# 10 Gallon Fish Tank



## Goldie2nd (Apr 16, 2012)

I ahev 1 Pletco Sucker Fish, Two Male Mollies and Five Guppies is this good for a ten galloon tank, with filter, heater,substrate and decorations? The substarte is not much is really low. I'll post pictures soon. Cus I need help identifying my type of sucker fish.


----------



## homegrown terror (Aug 6, 2012)

what kind of pleco is it? some can grow to be quite big, and you'll need to find a new home for him very soon if you've got the wrong kind.


----------



## thekoimaiden (Oct 19, 2011)

The Mollies will need a larger tank. If the pleco is what I'm hoping it is, he and the guppies will be fine in the 10 gal.


----------



## Olympia (Aug 25, 2011)

Well, post those photos and we can ID your sucker fish! :-D


----------



## Goldie2nd (Apr 16, 2012)

Ok I will BRB


----------



## Goldie2nd (Apr 16, 2012)




----------



## Crowntailed (Apr 19, 2012)

Yup its a commom pleco... You are going to need a 100+ gallon tank or rehome him SOON. He can grow to 2 feet long.


----------



## Laki (Aug 24, 2011)

I have seen one of those grow to be the length of my arm!!!!
**also, why is the betta removed from this tank?
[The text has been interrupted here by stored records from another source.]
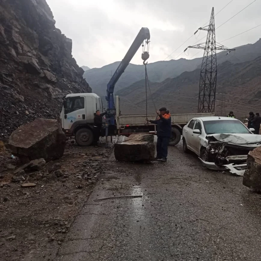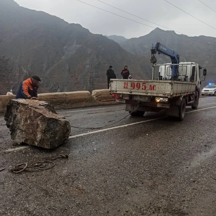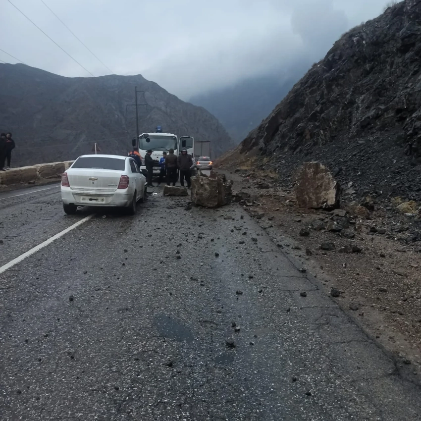 Следует отметить, что инцидент произошел сегодня в 08:00 на участке дороги с 427 по 451 километр, где дождь спровоцировал обрушение камней с горного склона, в результате чего один автомобиль получил повреждения.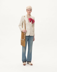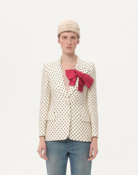 Supergran Plusdepois print jacket with Double Douchesse bow detail - Single breasted - Side pockets - Passementerie detail on the inside - Front button closure - Supergran Plusdepois (100% Viscose) - Crepe de Chine lining in diagonal stripe V Logo (75% Acetate, 25% Silk) - Length: 66.5 cm / 26.2 in. from the shoulders in an Italian size 40 - The model is 176 cm / 5'9" tall and wears an Italian size 40 - Made in Italy The look of the model is completed by a Valentino Garavani Vain Bag and Valentino Garavani Foliefoliage Shoes. Product code: 6B0CE46598S_R8E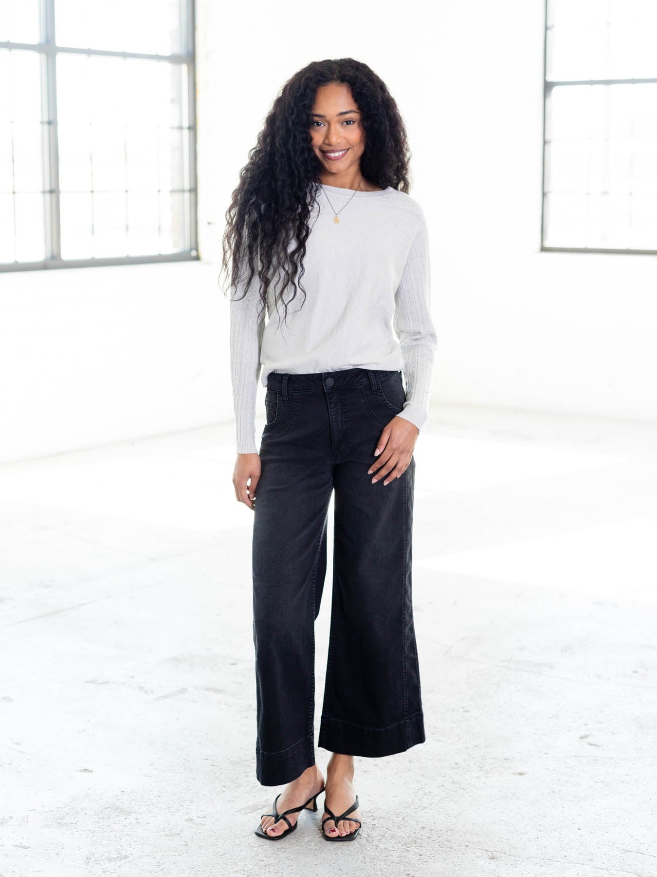 French Vanilla color has been styled with KUT Ablaze Jean High Rise Wide Leg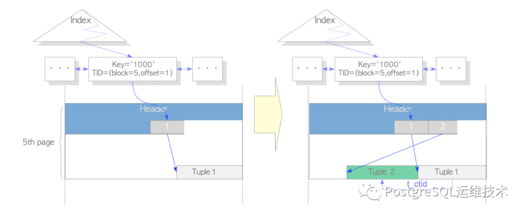 当某一行数据使用HOT的方式被更新时,如果被更新的行与旧行数据存储在同一个页面,那么PG不会插入相应的索引元组。并且将老数据行的t_informask2字段设置为HEAP_HOT_UPDATE位, 新数据行的t_informask2字段设置为HEAP_ONLY_TUPLE位。参见图7.2和图7.3。

He should be okay in there if there's plenty of plants for hiding.


----------



## Goldie2nd (Apr 16, 2012)

What! That BIG! Well I heard all fish grow according to their surroundings.
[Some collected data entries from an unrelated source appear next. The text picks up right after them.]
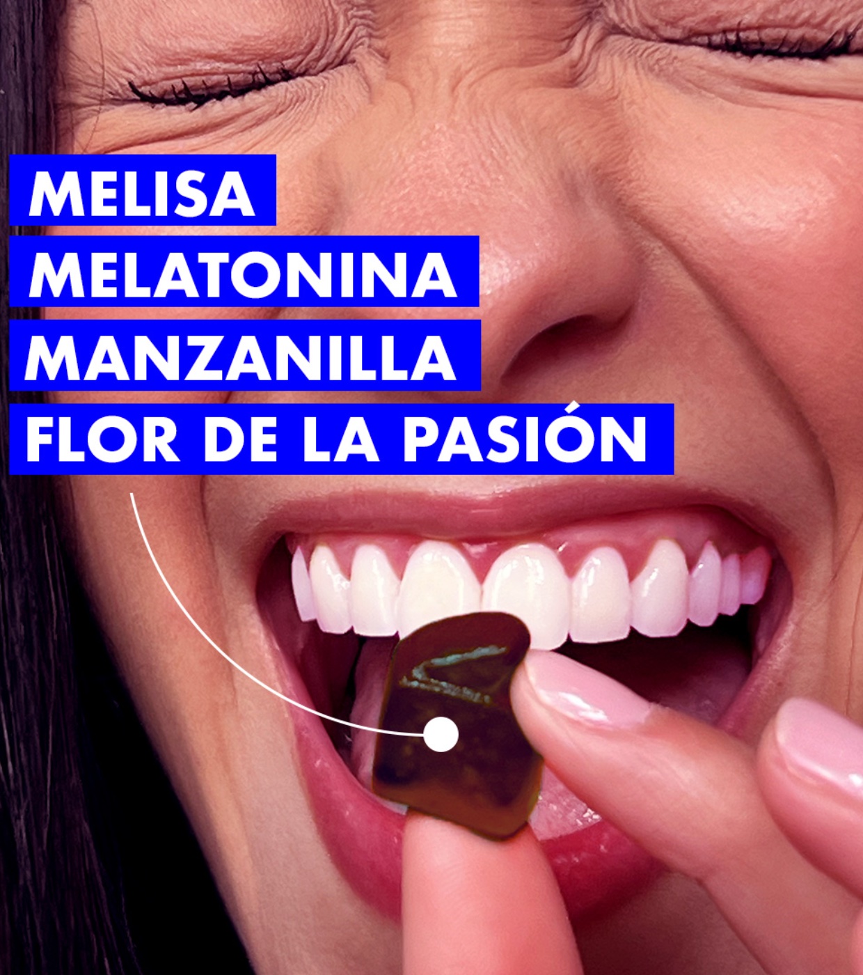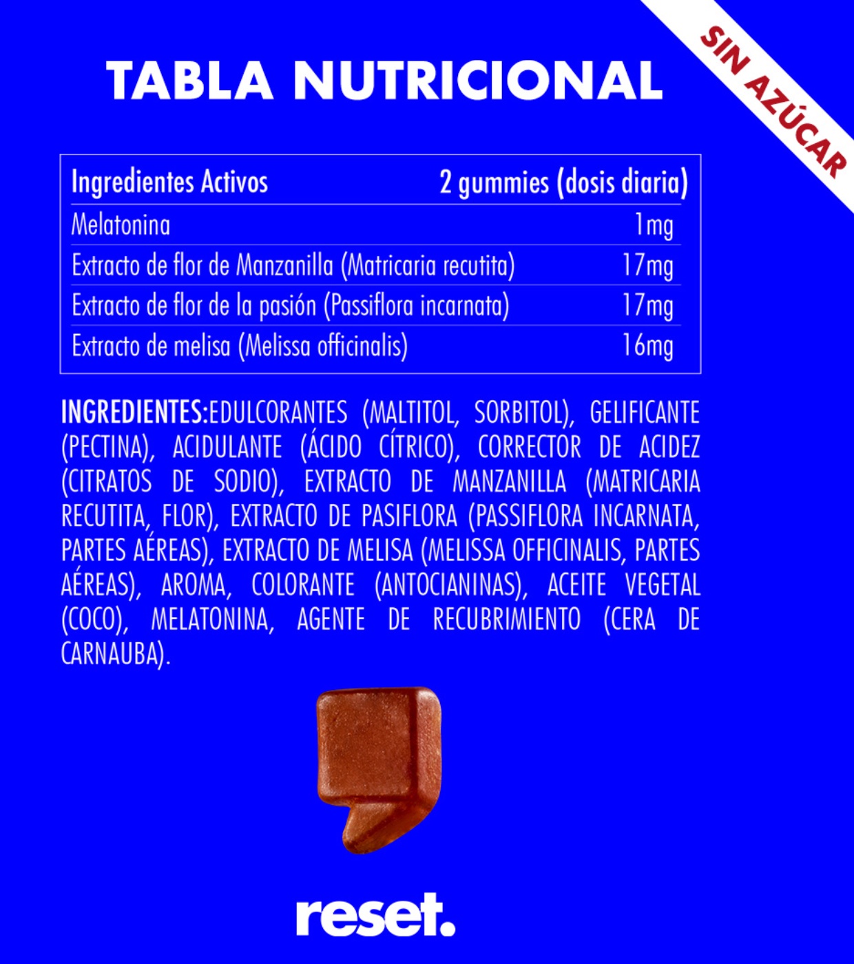 Edulcorantes (maltitol, sorbitol), gelificante (pectina), acidulante (ácido cítrico), corrector de acidez (citratos de sodio), extracto de manzanilla (Matricaria recutita, flor), extracto de pasiflora (Passiflora incarnata, partes aéreas), extracto de melisa (Melissa officinalis, partes aéreas), aroma, colorante (antocianinas), aceite vegetal (coco), melatonina, agente de recubrimiento (cera de carnauba).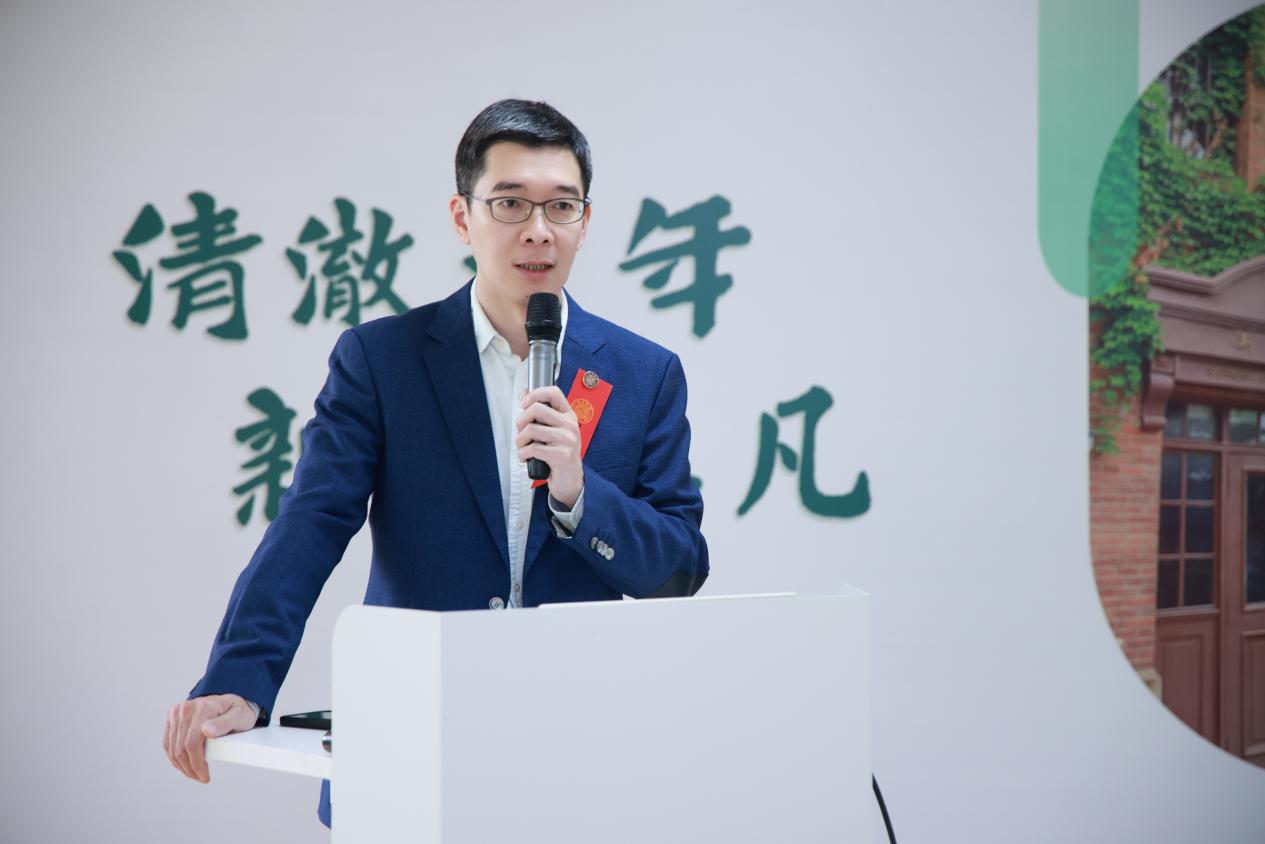 周庆安向院友们介绍了学院的整体发展。经过22年的建设,学院培养了近三千位毕业生,这些校友们目前奋战在新闻工作第一线,为中国新闻事业与新闻传播学科发展贡献智慧和力量。他还引用了1916年《清华周刊》的报道,发现在同一历史时期,清华已经开始了对于新闻教育事业的思考和探索。他期待在学院与院友的努力下,不断提升人才培养质量,推动新闻教育枝繁叶茂。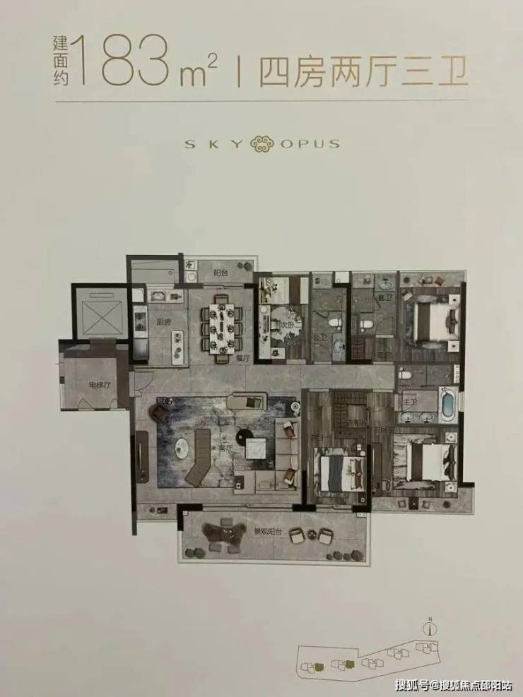 约183㎡户型,是项目的王牌,也是最稀缺的面积段。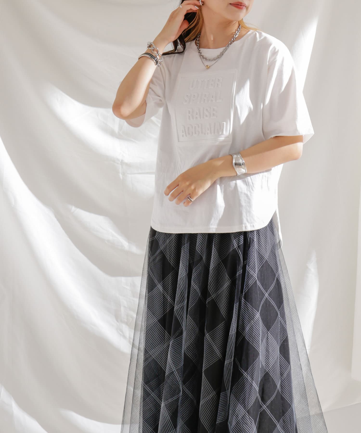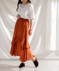 ボトムスにチュールスカートを合わせて、ワイドパンツやデニムで合わせてシンプルカジュアルに、キャミワンピースやサロペットのインナーに入れても◎!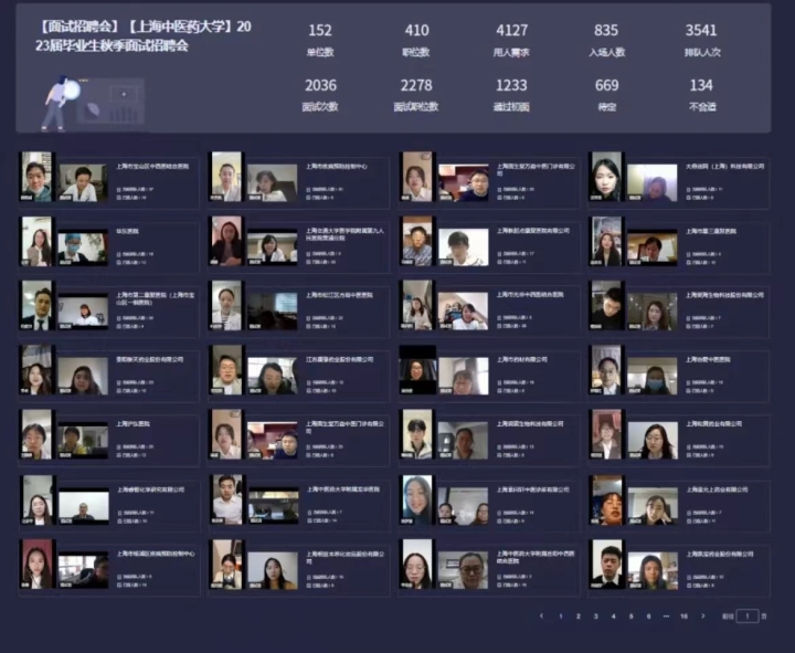 本次招聘会首次采用“空中面试双选会”的形式,汇聚了医疗卫生、生物医药、互联网健康咨询等行业的优质用人单位,152位人力资源负责人集中在线,毕业生足不出户,就能在“空中面试间”与用人单位远程“面面相试”,实现求职“零距离”。

here; the 10 gallon tank. If I see him growing too much I'll look for a bigger bigger tank.


----------



## Laki (Aug 24, 2011)

No, pet stores tell you that to make a sale. Those plecos will far exceed that tank in time.


----------



## homegrown terror (Aug 6, 2012)

Goldie2nd said:


> What! That BIG! Well I heard all fish grow according to their surroundings.


the only way that's even kinda true is that some fish will experience stunted growth in a too-small environment. it's not a good thing, it's a sign of poor health.


----------



## Crowntailed (Apr 19, 2012)

That would be called animal abuse to keep the pleco in there. Because they DONT grow to there tank size, it will keep growing and growing untill it kills its self. How big is it now?


----------



## Goldie2nd (Apr 16, 2012)

Only a fe inches but going to take him back to Walmart yes i bought it there and giving back the Mollies also
Getting Neons instead.


----------



## Goldie2nd (Apr 16, 2012)

I got the Pletco as a gift. So need to give it back.


----------